The last cyber security term, “Compensating Controls,” means that when we know there is a weakness or vulnerability we can’t control, we do something else to help minimize the risk it represents. So, because my child is under 12 and has other health risks, we don’t send her to school. We home school her to minimize her exposure to other people and limit her risk of contracting COVID. Keeping her home is our “compensating control.” If we have a computer system that only supports weak passwords, then as a compensating control we might consider allowing only physical access to the system and not connecting it to the Internet. This would limit the risk of it being compromised because only a small group of people would be able to physically access the system.
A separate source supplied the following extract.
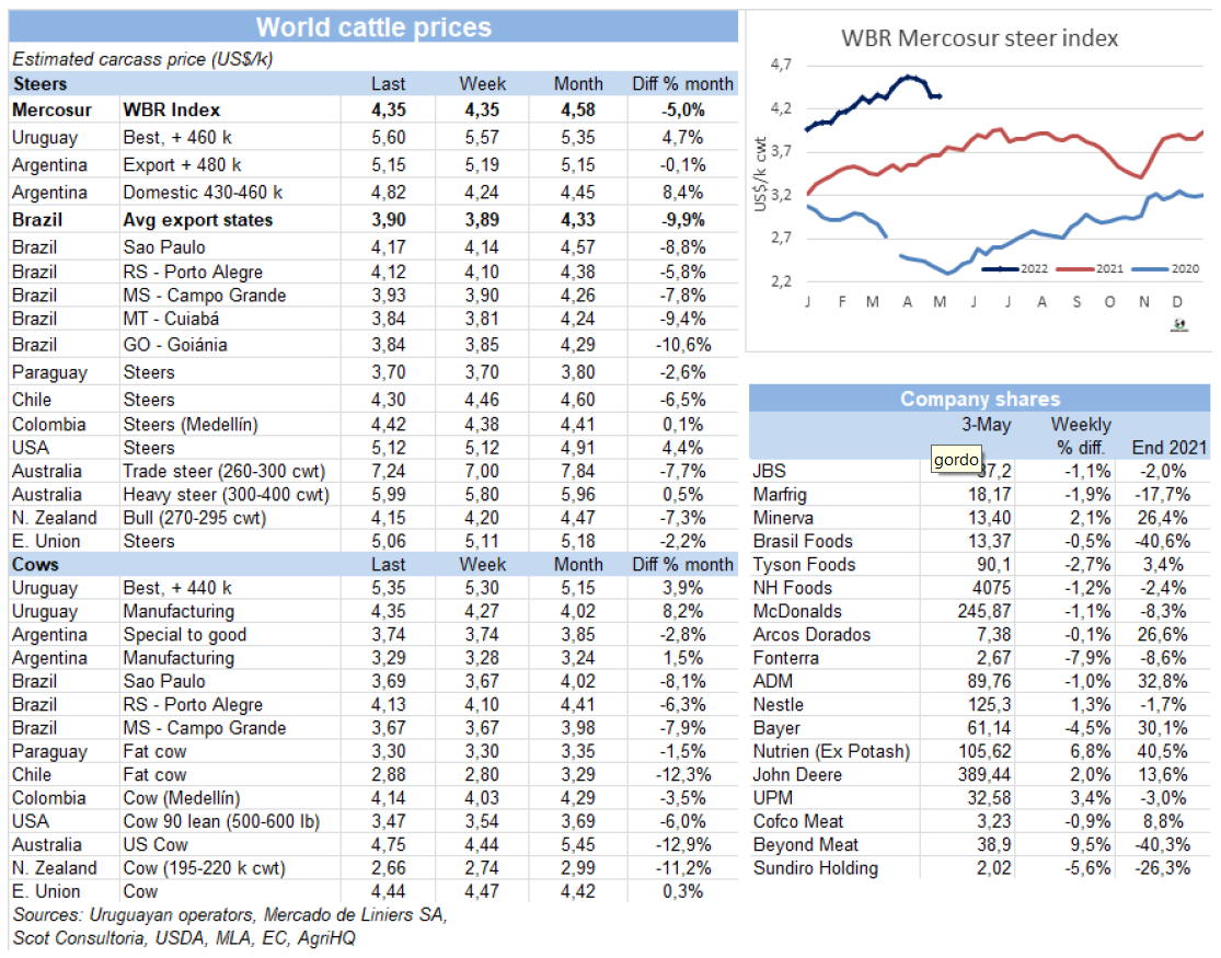 巴西育肥牛價(jià)格連續(xù)七周下跌后,市場達(dá)到了新的平衡。最近一周價(jià)格僅下跌了1雷亞爾/15公斤,主要出口州育肥牛價(jià)格參考價(jià)291雷亞爾/15公斤。需求方面,在周末母親節(jié)的額外需求的加持下,圣保羅批發(fā)市場銷售情況不錯(cuò)。草飼牛的供應(yīng)增長,給市場帶來了一些壓力,預(yù)計(jì)五月前兩周市場將保持穩(wěn)定。

When it comes to cyber risk, it is the combination of these measures that provides optimum security, no matter how simple or complex your system. The Colonial Pipeline hack is a high profile example of an organization not employing defense in depth, good access controls or good cyber hygiene. The attackers were able to compromise their systems using a leaked or stolen password combined with a VPN connection that didn’t require multifactor authentication, demonstrating poor authentication and access controls. They also appear to have had few defense in-depth measures, so once the attackers were inside, little else prevented additional access or provided detection. Additionally, there was lax cyber hygiene, allowing attackers to further compromise unpatched and poorly configured systems.
It is true that large businesses like Colonial Pipeline have many complex systems complicating the process of managing cyber security, but the fact is, these measures are not out of reach for any business. Educating staff and implementing management systems are the key to successfully maintaining good cyber security and putting an end to the recent ransomware and international supply chain hacking. The lessons are much the same in taming the spread of COVID: becoming educated, implementing control measures, and creating layers of defense will minimize the risks of its impact and disruption.